As a game, it was fun. But Valentine didn't like some of the positions Peter made Demosthenes take. Demosthenes began to develop as a fairly paranoid anti-Warsaw writer. It bothered her because Peter was the one who knew how to exploit fear in his writing -- she had to keep coming to him for ideas on how to do it. Meanwhile, his Locke followed her moderate, empathic strategies. It made sense, in a way. By having her write Demosthenes, it meant he also had some empathy, just as Locke also could play on others fears. But the main effect was to keep her inextricably tied to Peter. She couldn't go off and use Demosthenes for her own purposes. She wouldn't know how to use him. Still, it worked both ways. He couldn't write Locke without her. Or could he?

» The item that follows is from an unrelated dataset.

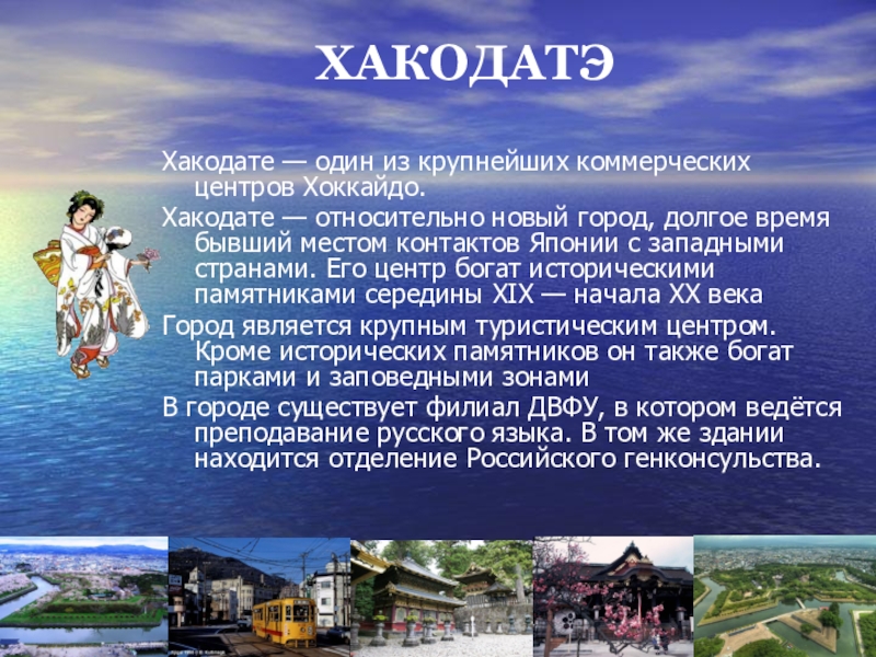 долгое время бывший местом контактов Японии с западными странами. Его центр богат историческими памятниками середины XIX — начала XX века

"I thought the idea was to unify the world. If I write this like you say I should, Peter, I'm pretty much calling for war to break up the Warsaw Pact."
"Not war, just open nets and prohibition of interception. Free flow of information. Compliance with the League rules, for heaven's sake."
Without meaning to, Valentine started talking in Demosthenes' voice, even though she certainly wasn't speaking Demosthenes' opinions. Everyone knows that from the beginning the Warsaw Pact was to be regarded as a single entity where those rules were concerned. International free flow is still open. But between the Warsaw Pact nations these things are internal matters. That was why they were willing to allow American hegemony in the League."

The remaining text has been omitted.